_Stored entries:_
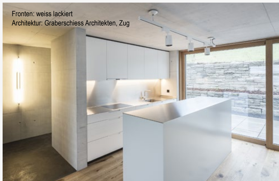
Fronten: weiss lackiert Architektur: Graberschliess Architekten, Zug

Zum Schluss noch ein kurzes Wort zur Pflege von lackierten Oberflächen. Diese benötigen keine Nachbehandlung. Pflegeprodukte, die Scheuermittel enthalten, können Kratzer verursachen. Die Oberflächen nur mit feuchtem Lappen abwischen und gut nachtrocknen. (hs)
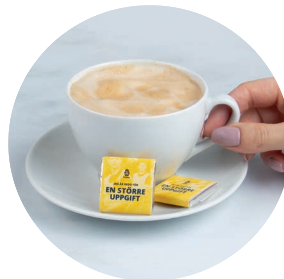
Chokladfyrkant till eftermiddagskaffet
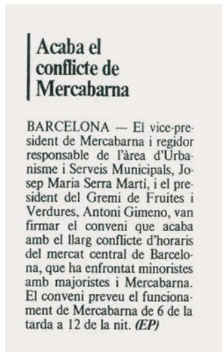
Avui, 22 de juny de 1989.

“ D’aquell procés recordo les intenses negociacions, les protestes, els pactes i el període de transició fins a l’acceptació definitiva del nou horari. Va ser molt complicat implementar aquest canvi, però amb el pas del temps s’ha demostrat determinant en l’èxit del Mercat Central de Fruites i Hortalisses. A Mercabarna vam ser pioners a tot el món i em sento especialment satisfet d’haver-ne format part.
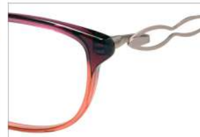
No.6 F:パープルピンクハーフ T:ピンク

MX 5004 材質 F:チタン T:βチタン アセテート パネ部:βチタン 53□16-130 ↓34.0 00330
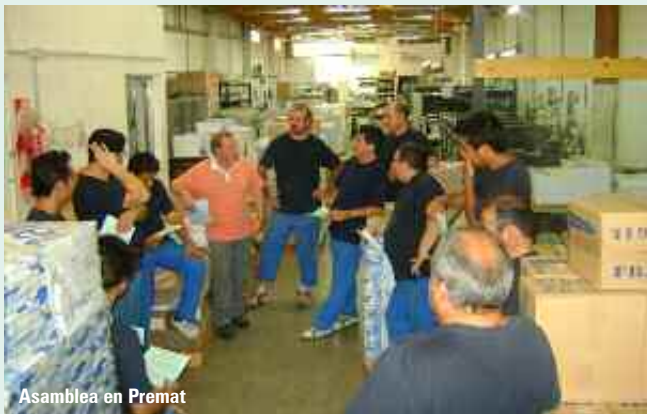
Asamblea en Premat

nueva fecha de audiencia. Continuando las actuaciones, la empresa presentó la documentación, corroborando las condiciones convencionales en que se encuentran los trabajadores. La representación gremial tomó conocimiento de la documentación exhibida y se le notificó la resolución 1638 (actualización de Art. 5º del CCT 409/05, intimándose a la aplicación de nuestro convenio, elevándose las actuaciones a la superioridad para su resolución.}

---

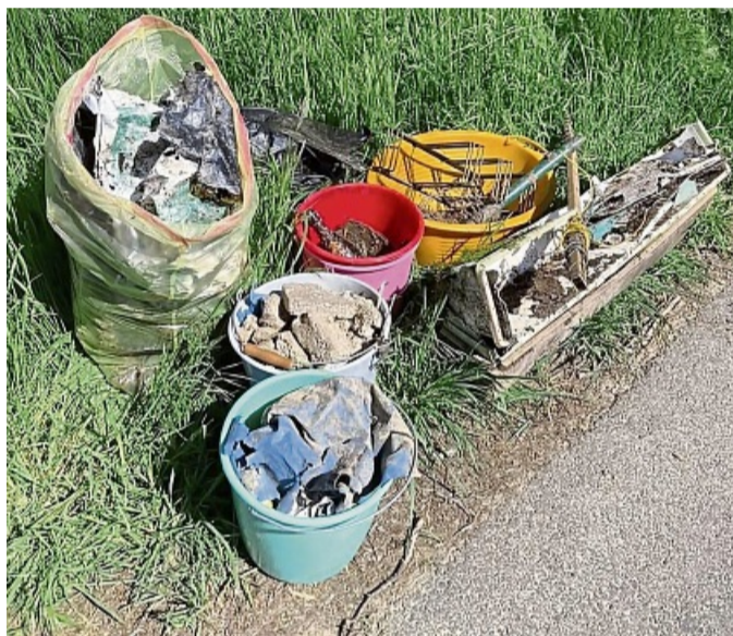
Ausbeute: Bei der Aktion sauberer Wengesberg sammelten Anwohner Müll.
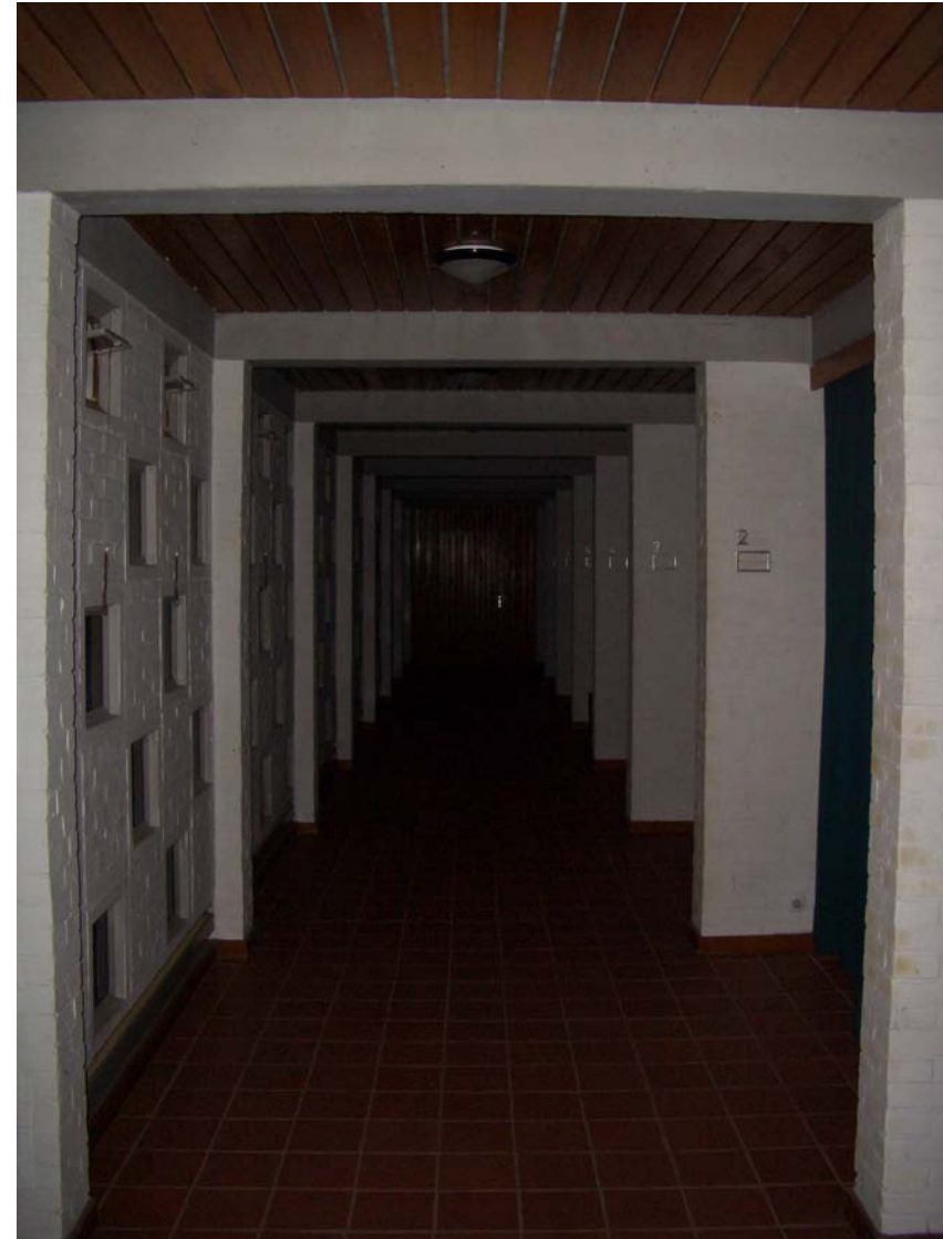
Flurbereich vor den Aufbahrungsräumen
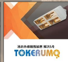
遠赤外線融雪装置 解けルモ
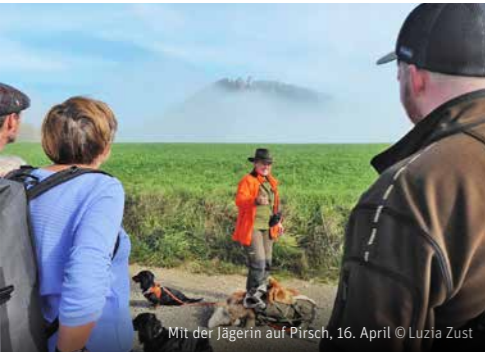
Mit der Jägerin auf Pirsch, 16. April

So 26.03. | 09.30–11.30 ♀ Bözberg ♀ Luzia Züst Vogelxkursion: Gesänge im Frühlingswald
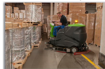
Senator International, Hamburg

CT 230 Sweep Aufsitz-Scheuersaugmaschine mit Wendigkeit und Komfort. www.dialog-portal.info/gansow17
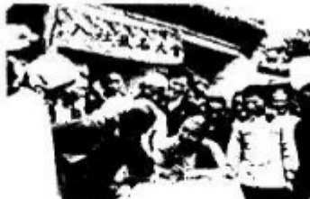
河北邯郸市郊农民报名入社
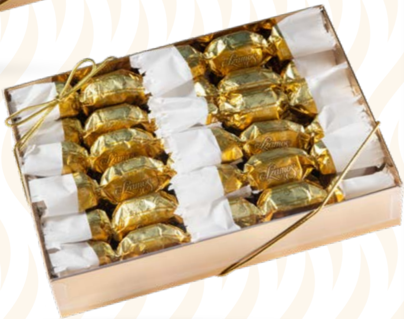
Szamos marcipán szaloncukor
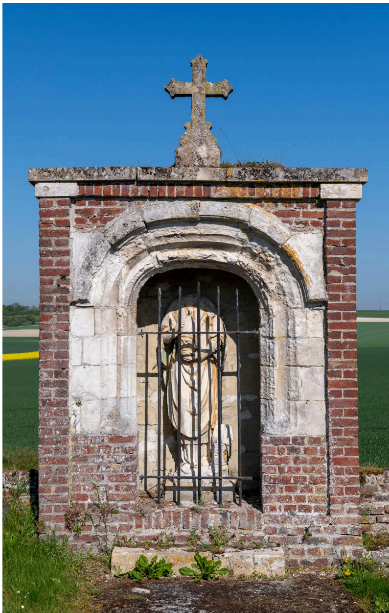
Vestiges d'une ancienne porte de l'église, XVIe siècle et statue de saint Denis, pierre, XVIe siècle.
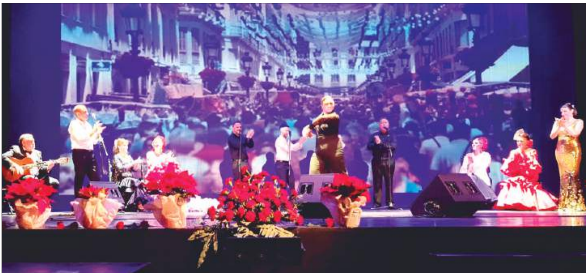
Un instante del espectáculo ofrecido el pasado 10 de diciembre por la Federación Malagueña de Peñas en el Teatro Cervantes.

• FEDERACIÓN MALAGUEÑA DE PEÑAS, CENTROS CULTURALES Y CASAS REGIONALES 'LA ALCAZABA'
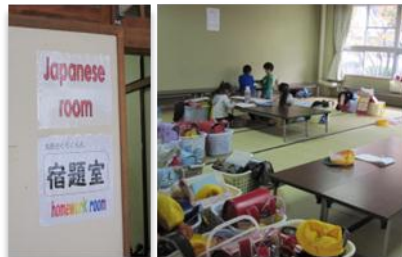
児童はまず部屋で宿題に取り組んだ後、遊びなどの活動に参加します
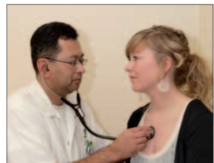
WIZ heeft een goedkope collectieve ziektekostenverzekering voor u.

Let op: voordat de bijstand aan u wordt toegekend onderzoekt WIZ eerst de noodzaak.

_TRY IT:_
Copy exactly, without pictures, the lines above from the one with "Un instante del" down to the one with "Let op: voordat", inclusive.

_EXERCISE SOLUTION:_
Un instante del espectáculo ofrecido el pasado 10 de diciembre por la Federación Malagueña de Peñas en el Teatro Cervantes.

• FEDERACIÓN MALAGUEÑA DE PEÑAS, CENTROS CULTURALES Y CASAS REGIONALES 'LA ALCAZABA'
児童はまず部屋で宿題に取り組んだ後、遊びなどの活動に参加します
WIZ heeft een goedkope collectieve ziektekostenverzekering voor u.

Let op: voordat de bijstand aan u wordt toegekend onderzoekt WIZ eerst de noodzaak.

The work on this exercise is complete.